Exciton-polariton condensation is regarded as a spontaneous macroscopic quantum phenomenon with phase ordering and collective coherence. By engineering artificial annular potential landscapes in halide perovskite semiconductor microcavities, we experimentally and theoretically demonstrate the room-temperature spontaneous formation of a coherent superposition of exciton-polariton orbital states with symmetric petal-shaped patterns in real space, resulting from symmetry breaking due to the anisotropic effective potential of the birefringent perovskite crystals. The lobe numbers of such petal-shaped polariton condensates can be precisely controlled by tuning the annular potential geometry. These petal-shaped condensates form in multiple orbital states, carrying locked alternating π phase shifts and vortex–antivortex superposition cores, arising from the coupling of counterrotating exciton-polaritons in the confined circular waveguide.
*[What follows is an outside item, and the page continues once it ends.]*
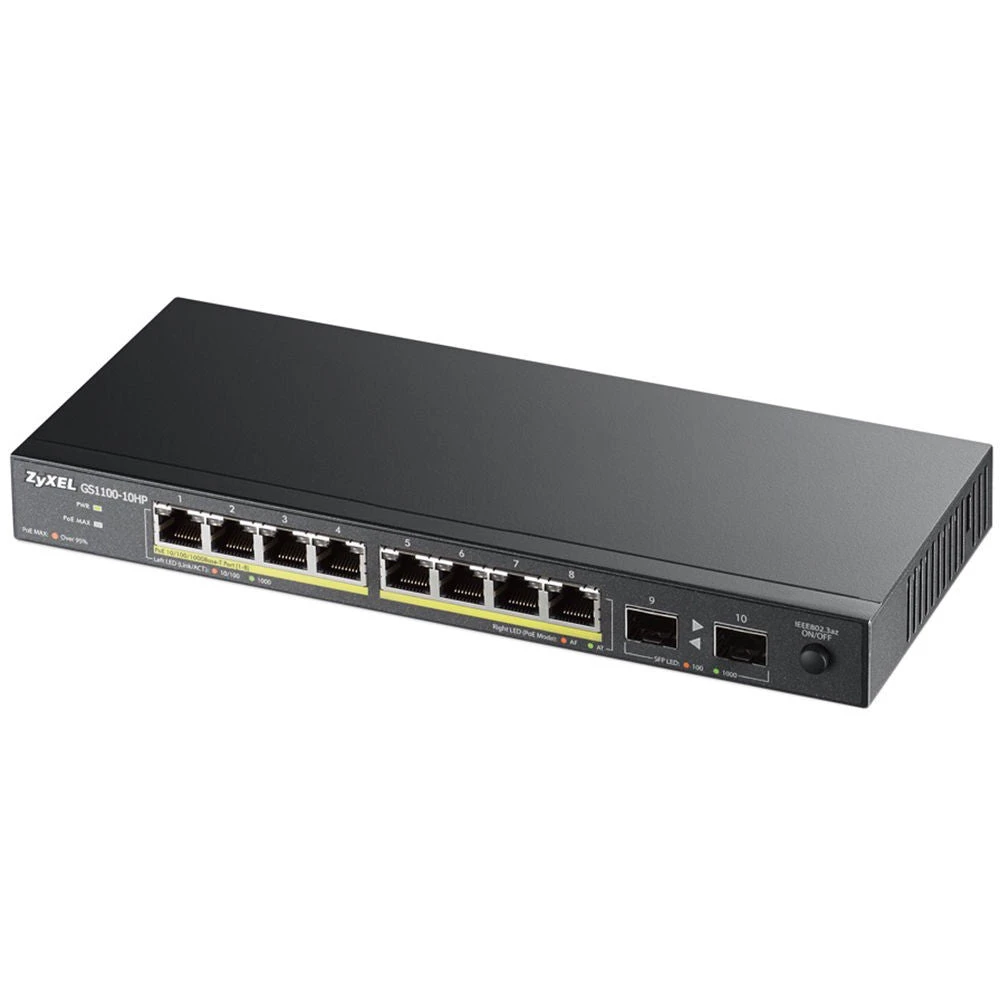 - The GS1100-10HP supports the PoE Plus standard to ease the installation of network devices in challenging spaces such as ceilings or walls. The low power supply per port allows the GS1100-10HP to power PoE-enabled WLAN APs, VoIP phones and IP surveillance cameras through cables without extra power adapters. This feature helps enterprises reduce installation time and cost when there are many such devices on the network. The GS1100-10HP has been designed with eight full PoE Plus ports, which makes it an ideal connectivity solution for high-density powered device deployments. In addition, the extra two SFP links on GS1100-10HP also easily extend networks to remote locations such as branch offices and warehouses for small- and medium-size businesses.

Our geometrically patterned microcavity exhibits promise for realizing room-temperature topological polaritonic devices and optical polaritonic switches based on periodic annular potentials.

激子-极化子凝聚被认为是具有相序和集体相干性的自发宏观量子现象。通过在卤化物钙钛矿半导体微腔中工程化人工环形势能景观，我们在实验上和理论上证明了在室温下自发形成的激子-极化子轨道态在实际空间中具有对称的花瓣形图案的相干叠加，这是由于电子的对称性破坏所致。双折射钙钛矿晶体的各向异性有效电势。通过调节环形势能几何形状，可以精确地控制这种花瓣形极化子凝结的波瓣数。这些花瓣状的冷凝物以多个轨道状态形成，带有锁定的交替π相移和涡旋-反涡旋叠加核，由有限的圆形波导中反向旋转的激子-极化子的耦合引起。我们的几何图案化微腔展示出有望实现基于周期性环形电势的室温拓扑极化子设备和光学极化子开关。